BLASONS EN TOUT GENRE



Marot avait écrit en 1535 une Épigramme du beau tétin (ou Blason du tétin) qui lança la mode des blasons du corps féminin. Les poètes se mirent à célébrer, entre autres, la chevelure blonde, la cuisse, la main, l’œil, la bouche, la larme, l’oreille, le sourcil, tant et si bien que Marot put constituer un recueil, Blasons anatomiques des parties du corps feminin, invention de plusieurs poëtes françois (Lyon, François Juste). Eustorgue (Hector) de Beaulieu avait, pour sa part, donné « Sept blasons anatomicques du corps femenin » dans Les divers rapportz, contenantz plusieurs rondeaulx, huictains, dixains, ballades, chansons, épistres, blasons, épitaphes, et aultres joyeusetez (1544), qui décrivaient en détail le nez, la joue, les dents, la langue, la voix, le cul (« Cul bien froncé, cul bien rond, cul mygnon ») et ensemble, le pet & la vesse.  Marot ayant proposé d'écrire également des contreblasons, on put lire un recueil intitulé Les blasons Anatomiques du Corps femenin. Ensemble les Contreblasons de nouveau composez & aditionnez, plusieurs fois réédité, où l'on remarquait, avec plaisir ou réprobation, les blasons « du Con » (« Con petit, con dont la bouche vermeille / A fait dresser à maint grand vit l’oreille »), « du Con de la pucelle », un « Autre (blason) du Con ».

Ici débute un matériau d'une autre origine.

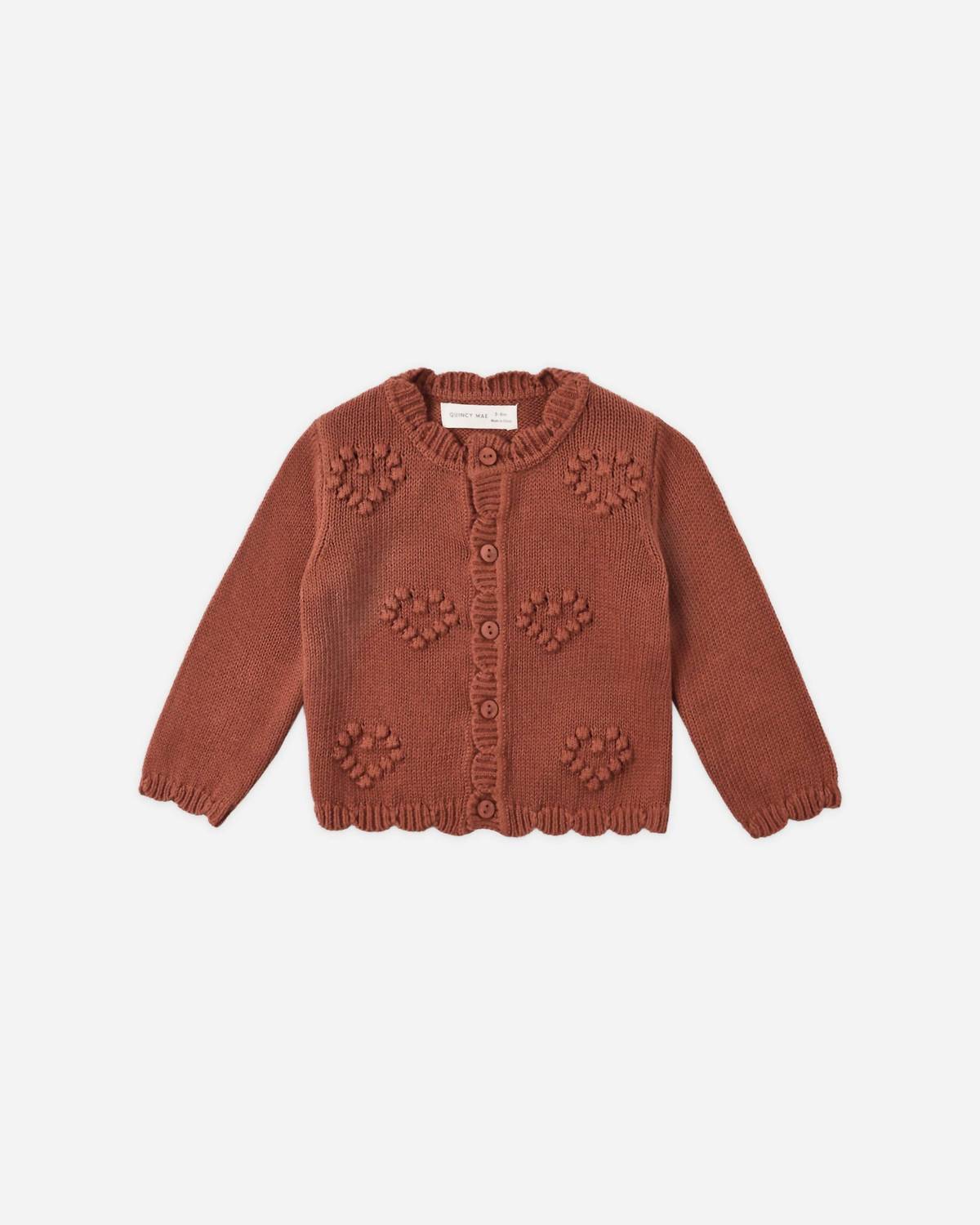 Meet the Kid's Knit Cardigan by Quincy Mae, a charming piece perfect for your little one's spring vacation wardrobe. This red cardigan boasts a delightful heart bobble knit and scalloped trim, accentuated with faux shell buttons. Crafted from 100% organic cotton, it's not only stylish but gentle on the skin. Care for this garment is simple: machine wash cold and lay flat to dry.

   Gilles Corrozet, libraire, imprimeur, historien, poète et blasonneur chevronné s'insurgea et publia, en réaction, Les blasons domestiques contenantz la decoration d'une maison honneste, & du menage estant en icelle : Invention joyeuse, & moderne (1539). À la fin du recueil, que l'on peut lire dans la réimpression de Plein Chant, il avait placé une attaque directe : Contre les blasonneurs des membres.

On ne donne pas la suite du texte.